• _Input for this task_
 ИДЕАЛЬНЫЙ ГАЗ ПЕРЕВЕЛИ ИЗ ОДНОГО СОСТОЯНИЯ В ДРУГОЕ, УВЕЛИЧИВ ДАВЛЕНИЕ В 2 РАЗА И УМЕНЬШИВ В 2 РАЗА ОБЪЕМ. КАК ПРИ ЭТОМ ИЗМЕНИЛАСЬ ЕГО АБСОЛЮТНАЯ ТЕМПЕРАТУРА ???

* * *

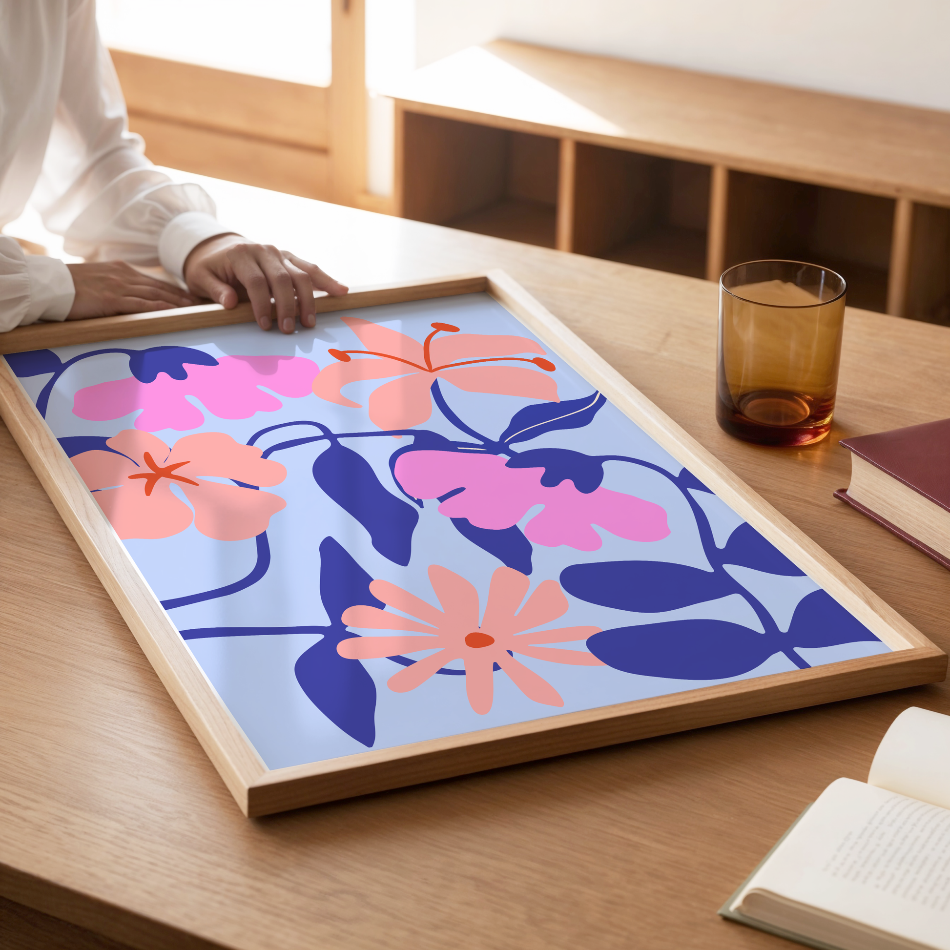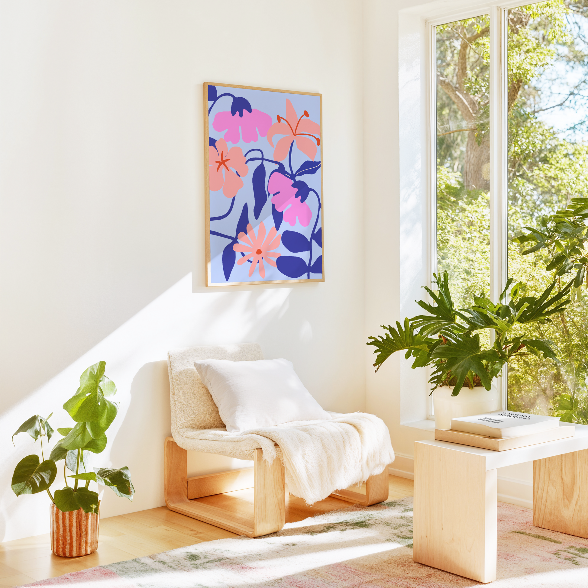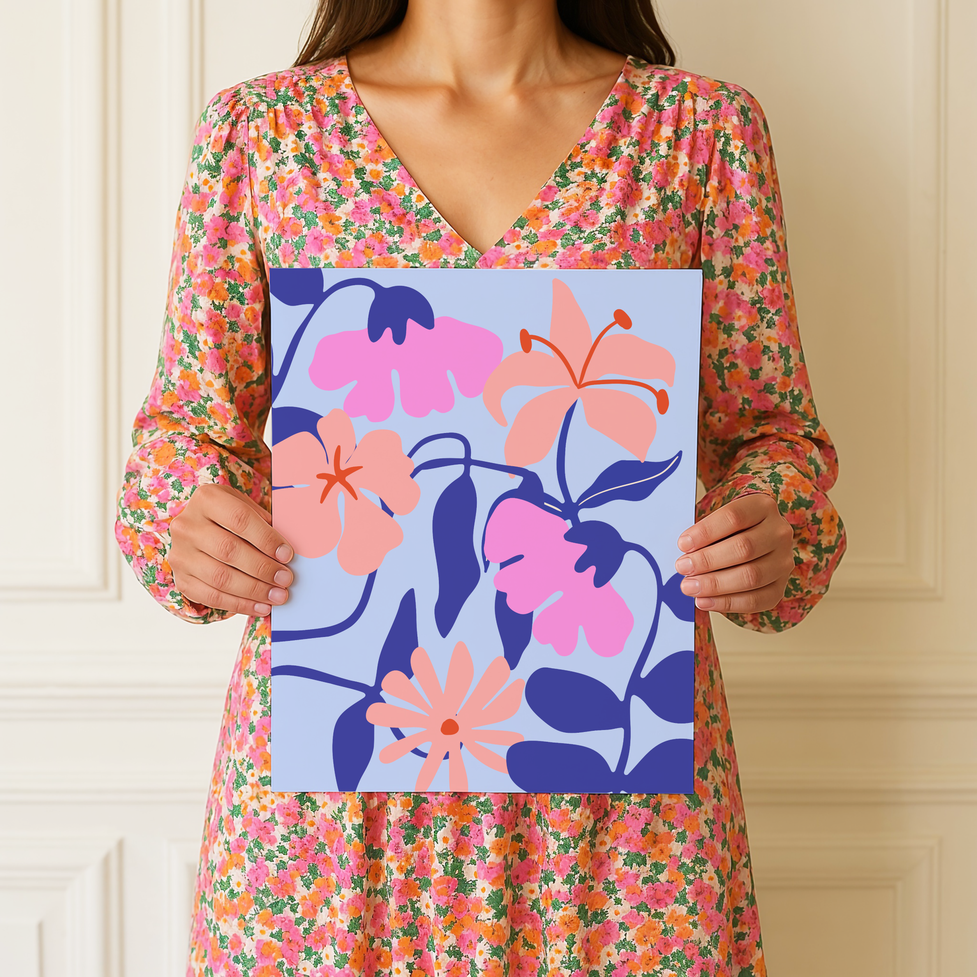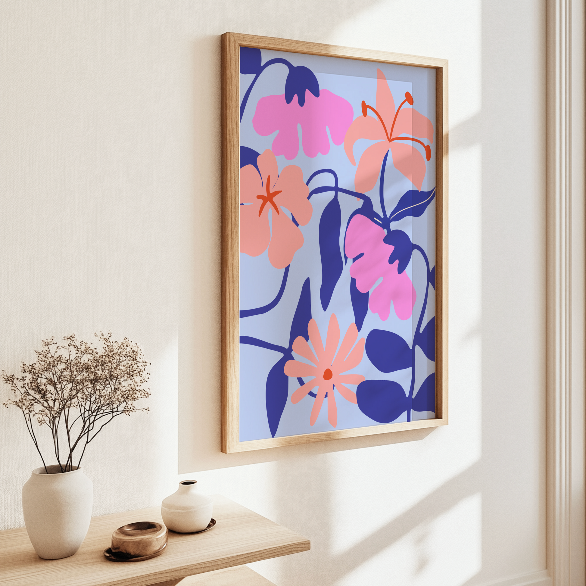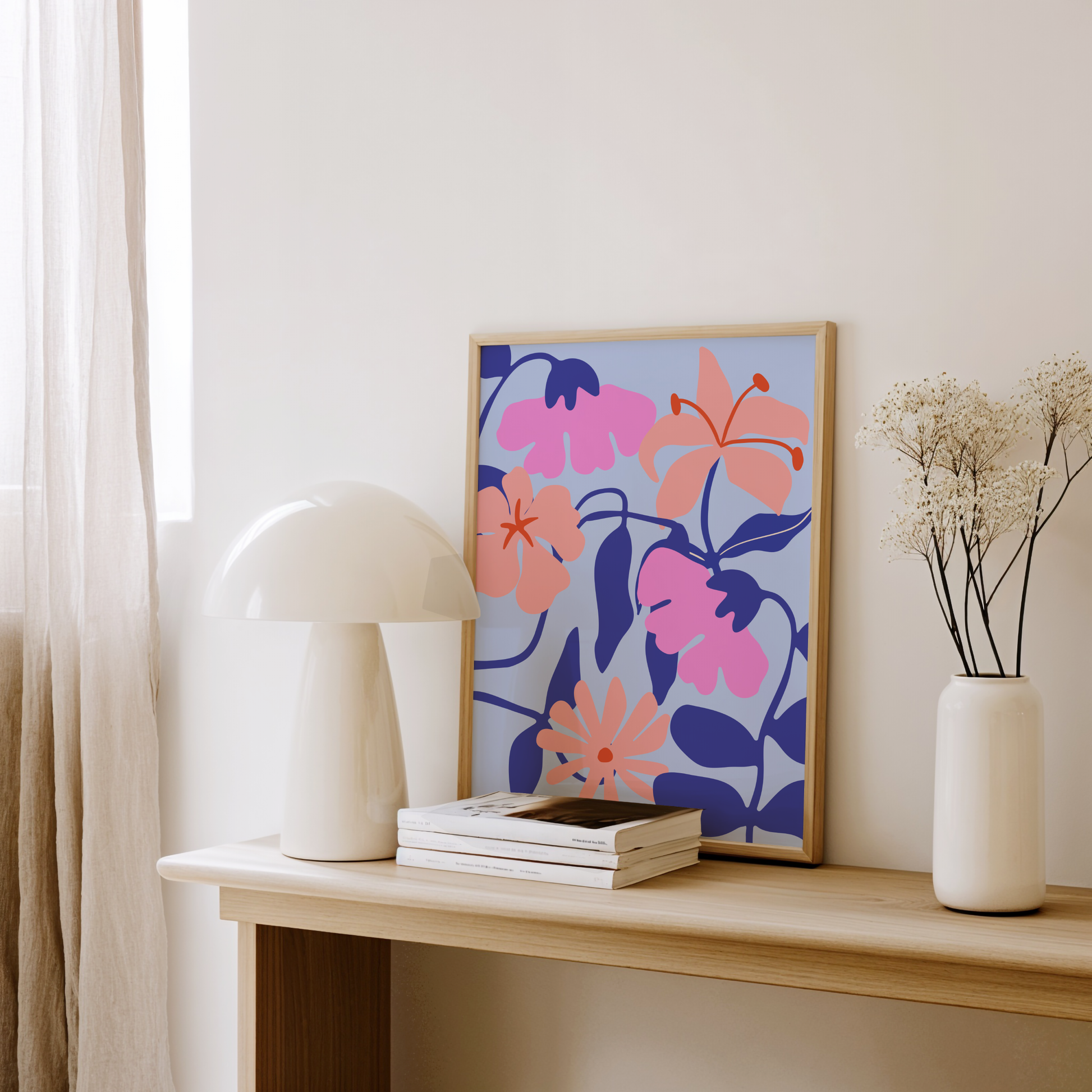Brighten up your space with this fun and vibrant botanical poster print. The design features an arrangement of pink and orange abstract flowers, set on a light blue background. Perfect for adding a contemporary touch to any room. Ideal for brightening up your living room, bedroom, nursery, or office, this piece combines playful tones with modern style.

...

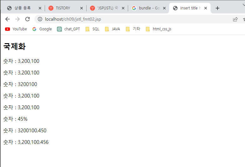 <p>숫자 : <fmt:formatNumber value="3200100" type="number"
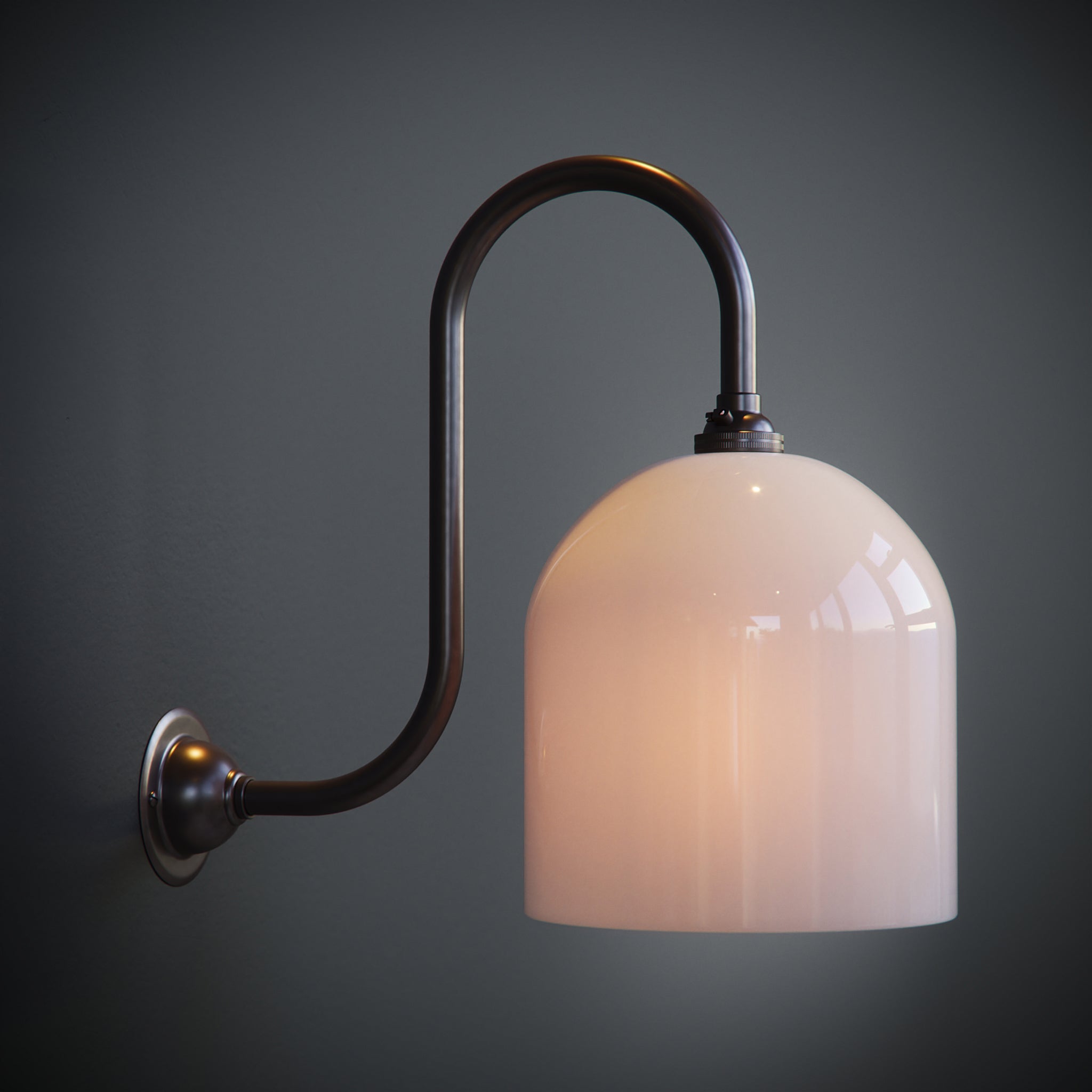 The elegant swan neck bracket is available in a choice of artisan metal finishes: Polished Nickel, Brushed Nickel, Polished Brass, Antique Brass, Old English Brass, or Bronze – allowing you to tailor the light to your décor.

• _Your objective_
"<p>숫자 : <fmt:formatNumber" marks the first line to copy, and "The elegant swan" marks the last. Repeat that stretch above exactly, with no pictures.

• _Final answer_
 <p>숫자 : <fmt:formatNumber value="3200100" type="number"
 The elegant swan neck bracket is available in a choice of artisan metal finishes: Polished Nickel, Brushed Nickel, Polished Brass, Antique Brass, Old English Brass, or Bronze – allowing you to tailor the light to your décor.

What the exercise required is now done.